Вместе с Лолой он переживал за её будущее выступление. Ко дню концерта обещал снять повязку. Тогда он увидит Лолу в белом лебедином костюме, о котором она ему так много рассказывала.
Трудно сказать, кто из них больше ждал этого дня: человек, который боялся убедиться, что он ослеп и никогда не прозреет; или девочка, которая всем своим крохотным сердцем верила, что он будет снова видеть солнце, горы, деревья и травы и её, маленькую лебедь, и скажет: «Ты танцевала лучше всех»…
Репетиция кончилась.
- Ну, дети, можете расходиться. Костюмы не мните. С собой брать не разрешаю. Оставте здесь. Сложите аккуратно. И помните все мои замечания. Кармен, не сбивайся с ритма. Соле, не наступай на ноги партнёрше. Завтра станцуете хорошо. Я уверена. Да?
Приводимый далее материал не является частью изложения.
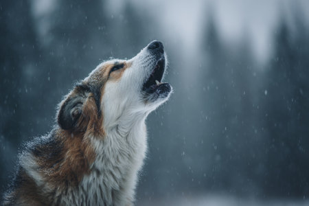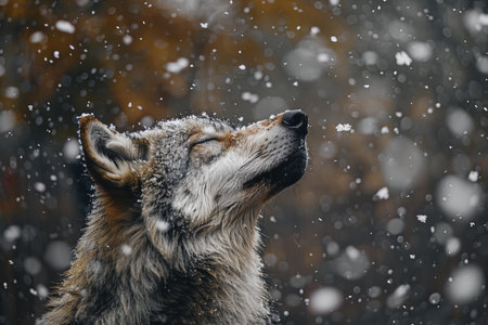 A wolf stands in the snow, raising its head to howl into the cold winter air. Snowflakes fall gently around, creating a serene and quiet atmosphere in the forested landscape.
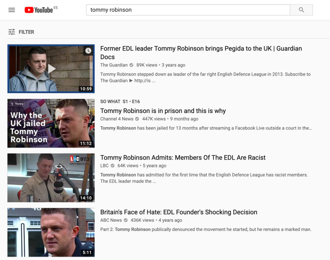 Las búsquedas de prueba de "Tommy Robinson" en YouTube ahora devuelven una serie de informes de noticias, en lugar del propio canal de Yaxley-Lennon, como fue el caso el mes pasado.

- Да! – в один голос ответили лебеди.
Отрезвляющие слова преподавателя расколдовали сказку: одна за другой лебеди стали превращаться в девочек, шумных и говорливых. Лола осторожно сложила свю лебединую одежду., словно боясь, что торопливость унесёт ту магическую силу, которая была в крахмальных крылышках и платьице.
Ещё не темно. На земле день уже догорал. На небе он ещё держится в прощальном сиянии ушедшего за горизонт солнца. В соседнем леске верещит однообразно козодой, сумеречная птица. Сквозь потемневшую голубизну проступают острые точечки звёзд. В такие минуты Лоле хочется верить в то, что за синим пологом неба бунтует вечный огонь, а звёздочки – просто дырочки в этом покрывале, и сквозь них проглядывает пламя.
Когда-то, совсем ещё маленькая, она придумала и объяснение падающих звёзд. Покрывало-то старенькое: угольки прожигают дырочки и летят вниз. А до земли не долетают потому, что ветер их гасит. Но Педро всегда обескураживал здравомыслящим, практичесским вопросом: «Вот и не правда. Говоришь, угольки падают. На прожжённом месте звёзды образуются? А почему ж когда звезда падает, только темнота остаётся на её месте?»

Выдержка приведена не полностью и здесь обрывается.